Hi,
I'm using NetAdvantage 10.2. I have a grid where the first column is a column of checkboxes. All other columns need to be read-only. I have set the CellActivation for all columns to be NoEdit except for the checkbox column. I've overridden the CellClickAction to be RowSelect. I'm unable to check the checkboxes. I'm sure I'm either missing the setting of properties or not setting the right combination. What do I need to set to check the boxes in first column, yet leave the rest of the columns as read-only?
thank you
Mario
Hello Mario,
Thank you for contacting Infragistics.
When you use a CellClickAction of RowSelect, the clicks are never passed through to the cells, so the values of the checkboxes never get toggled. You'll need to set the CellClickAction property of the checkbox column to Edit.
Hi Dave,
I came to that same conclusion. The problem I have is that I want the rest of the columns to be read-only. Setting the AllowUpdate override to false on the grid doesn't work because I end up with the same issue. So I've looped through the columns setting CellClickAction for those columns to NoEdit. The issue I have now is when I click a cell on the "highlighted" row, the color changes from the highlight blue to an off white. Is there a way to stop that from happening or turn off the highlight of the row altogether?
Hi Mario,
I'm not sure what you mean. Which cell are you clicking on and what, exactly, is turning off-white?

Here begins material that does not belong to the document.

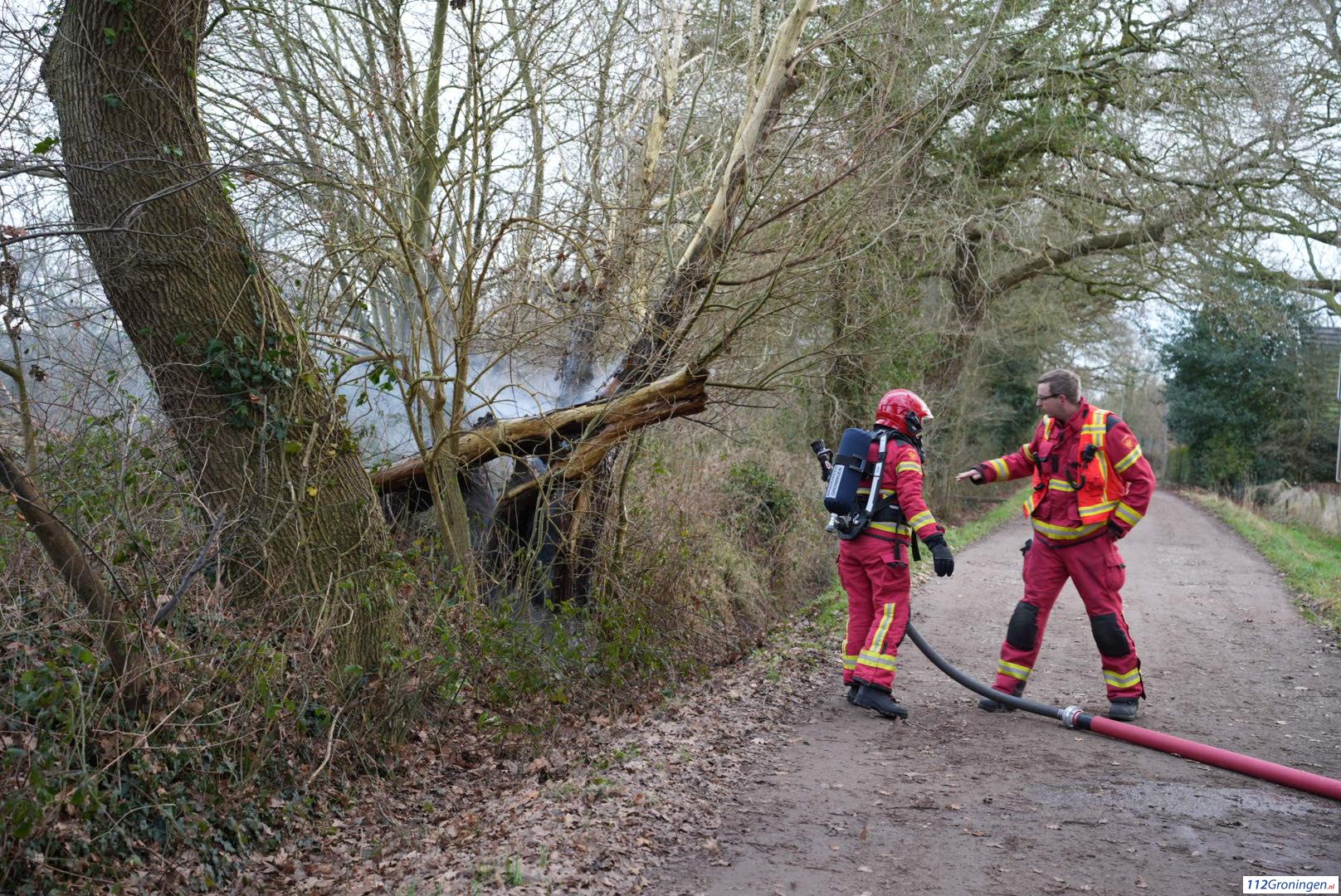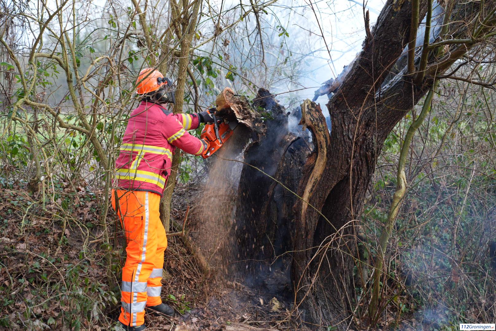 De brandweer heeft de brand snel geblust en de boom met een kettingzaag opengezaagd om te controleren of er geen smeulende resten achterbleven.

I did a quick test with a simple grid with a checkbox column and some string columns. I was able to make the grid behave the way I think you want with just a few lines of code:
private void ultraGrid1_InitializeLayout(object sender, Infragistics.Win.UltraWinGrid.InitializeLayoutEventArgs e) { UltraGridLayout layout = e.Layout; UltraGridBand band = layout.Bands[0]; foreach (UltraGridColumn column in band.Columns) { // Column 0 is the checkbox column, so leave it alone. if (column.Key == "Column 0") continue; column.CellClickAction = CellClickAction.RowSelect; column.CellActivation = Activation.NoEdit; } }
Hi Mike,
I was missing the setting of the CellClickAction to RowSelect in the foreach as you showed in your example. I also found an initialization method where the Override.CellClickAction was being set to RowSelect on the grid, then later on when the grid was bound to the collection, the Override.CellClickAction was set to Edit. I removed those lines and it works as expected.
Hi mario,
I'm glad you got it working, but I am a little puzzled, because what you describe should actually work the same way. You can set CellClickAction on the Override and then just on the one checkbox column to override it and that would essentially be the same thing:
private void ultraGrid1_InitializeLayout(object sender, Infragistics.Win.UltraWinGrid.InitializeLayoutEventArgs e) { UltraGridLayout layout = e.Layout; UltraGridBand band = layout.Bands[0]; UltraGridOverride ov = layout.Override; ov.CellClickAction = CellClickAction.RowSelect; foreach (UltraGridColumn column in band.Columns) { // Column 0 is the checkbox column, so leave it alone. if (column.Key == "Column 0") { column.CellClickAction = CellClickAction.Edit; continue; } column.CellActivation = Activation.NoEdit; } }
The only way this code might NOT work, is if something else in your code is setting the CellActivation no the column and this override the Override setting.
I think the issue was the the CellClickAction.Edit was being set on the layout.Override and not on the checkbox column itself. So the grid was initialized with the CellClickAction.RowSelect, then when the grid datasource got set to the collection, the layout.Override.CellClickAction was set to "Edit" (not on the individual checkbox column itself). Then the code set the rest of the columns to Activation.NoEdit. When I clicked a cell, it was causing some strange side effects (i.e., the row was highlighted in the blue highlight, but the cell I clicked turned white while the rest of the row remained the blue highlight). I was trying to fix a bug written up by our testers and found that the grid wasn't set up properly.
Ah, okay, I think I see what was happening now. Yeah, it's a pretty common paradigm we use throughout the WinForms controls where you can set the same property at different levels and the more specific (Column in this case) setting overrides the less specific (Override in this case) setting.